While oyster, clam and mussel shells dominate the middens, bones found in the middens indicate that catfish were a much larger component of the St. Johns people's diet than were shellfish. The St. Johns diet consisted of a wide variety of fish, shellfish, reptiles, mammals and birds. Investigation of a site at Hontoon Island indicated that fresh water snails, fish and turtles provided most of the meat consumed at the site, and that those resources were exploited year-round. Plant foods included berries, nuts, cabbage palm, amaranth, and various small plants, especially those growing in wetlands. Gourds were grown, but probably used as containers. Maize cultivation reached the Timucua speakers of the St. Johns culture area around 750, although some authorities think the arrival was as late as 1050. The southernmost part of the St. Johns culture area (the Mayacas) had not acquired maize cultivation at the time of first European contact. The St. Johns peoples were not as dependent on maize cultivation as were most cultures in the southeastern United States, as suitable soil for sustainable maize production was scarce in the wetlands favored for habitation, and abundant wetland resources were available year-round.

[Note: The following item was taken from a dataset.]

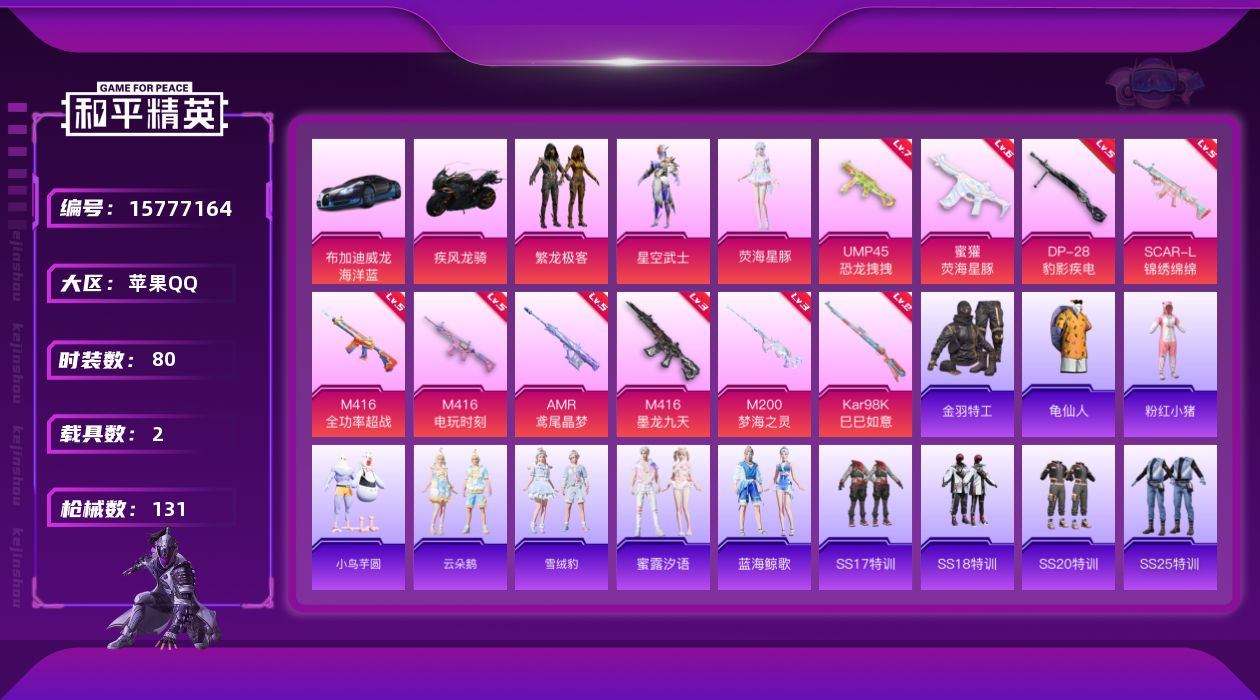 [15777164]苹果 手Q-无敌战神框-3粉装-10特效枪-2载具-5粉色飞行器-45959热力值-6王牌印记-80套装-131枪皮 【热门品类】:粉装-繁龙极客,套装-金羽特工,套装-龟仙人,套装-粉红小猪 【粉色载具】:布加迪威龙(海洋蓝),疾风龙骑 【粉色套装】:粉装-繁龙极客,角色-星空武士,角色-荧海星豚 【粉色枪皮等级】:SCAR-L-锦绣绵绵(五级),M416-全功率超战(五级),M416-电玩时刻(五级),M416-墨龙九天(三级),蜜獾-荧海星豚(六级),UMP45-恐龙拽拽(七级),Kar98K-巳巳如意(二级),AMR-鸢尾晶梦(五级),M200-梦海之灵(三级),DP-28-豹影疾电(五级) 【粉色枪皮】:SCAR-L-锦绣绵绵,M416-全功率超战,M416-电玩时刻,M416-墨龙九天,蜜獾-荧海星豚,UMP45-恐龙拽拽,Kar98K-巳巳如意,AMR-鸢尾晶梦,M200-梦海之灵,DP-28-豹影疾电 【粉色飞行器】:繁龙极客飞行器,星空武士飞行器,龙翔九天飞行器,幻海精灵飞行器 【粉色降落伞】:怪笑疯兔降落伞,龙珠超降落伞,超新星降落伞,莲影清波降落伞,繁龙极客降落伞,江南烟雨降落伞,电糖天使降落伞,星空武士降落伞,精灵梦叶罗丽降落伞,墨龙九天降落伞,荧海星豚降落伞,喜羊羊与灰太狼降落伞 【稀有套装】:套装-龟仙人,套装-小鸟芋圆,套装-云朵鹅,套装-雪绒豹,套装-蜜露汐语,套装-蓝海鲸歌 【稀有枪皮】:AKM-恐龙拽拽,AKM-江南烟雨,AKM-破晓战魂,AKM-萌趣颜团子,AKM-虎虎生威,M16A4-幻世战舞者,M16A4-莲影清波,M416-糯团青竹,M416-蓝色火焰,GROZA-异彩先驱,GROZA-荧海星豚,AUG-天降萌叽,AUG-耀粉歌者,M762-瑞龙福将,M762-云朵鹅,G36C-六号树人,G36C-时空追击者,AC-VAL-快闪甜心,蜜獾-天降萌叽,Famas-墨龙九天,UZI-炫彩节奏,UMP45-繁龙极客,UMP45-时空追击者,UMP45-海渊国主,Vector-焰鹰斗篷,Vector-生命誓言,汤姆逊-异彩先驱,汤姆逊-炫彩节奏,MP5K-异彩先驱,P90-快闪甜心,Kar98K-影袭,AWM-焰鹰斗篷,AWM-恐龙拽拽,SKS-时空追击者,SKS-炫彩节奏,SKS-迅猛狂鲨,VSS-星之彼岸,Mini14-异彩

Except along the western fringes of the region, the only stone resources available were soft coquina and sandstone, which were used for grinding and abrading tools. Tools and implements were more often made of bone and shell, than of stone. Stone artifacts (usually made of chert) in the St. Johns culture are a mixture of styles preserved from the Archaic period with styles representative of neighboring cultures. Wooden artifacts that were preserved in water and wet soils have also been found.

==Mounds==
Purpose-built mounds of sand (as opposed to shell middens) first appeared in the St. Johns culture region around 100 CE. As was common throughout Florida, mounds were used for burials. Some bodies were buried intact, in a flexed position, but most were first placed in charnel houses, which were often built on top of a mound. The flesh was removed from, or allowed to rot off of, the bones, and the bones were cleaned. Eventually the accumulated long bones and skulls of each individual were bundled and then buried in a group in the mound. The charnel house would then be destroyed, often by fire. A new layer of sand might then be added to the mound, and a new charnel house build on the top.

The early mounds in the St. Johns culture region were generally 4 ft high up to an occasional 10 ft. The number of burials in a mound might be as high as 100, but most held fewer than 25. After 1050 influence from the Mississippian culture led some groups to construct platform mounds, which may have been topped by temples and/or chiefs' residences. One of these mounds, the Shields Mound in Duval County, eventually reached 190 ft along each side of the base, and held 150 burials. Another mound, Mt. Royal Mound, just north of Lake George, which was 15 ft high and 160 ft in diameter, was primarily a burial mound. This mound also contained many items apparently received as trade goods from the region of the Mississippian culture. Chiefdoms in the St. Johns culture region did not achieve the size and power of those to the west, from the Florida panhandle through to the Mississippi valley, and large platform mounds were rare in the St. Johns region.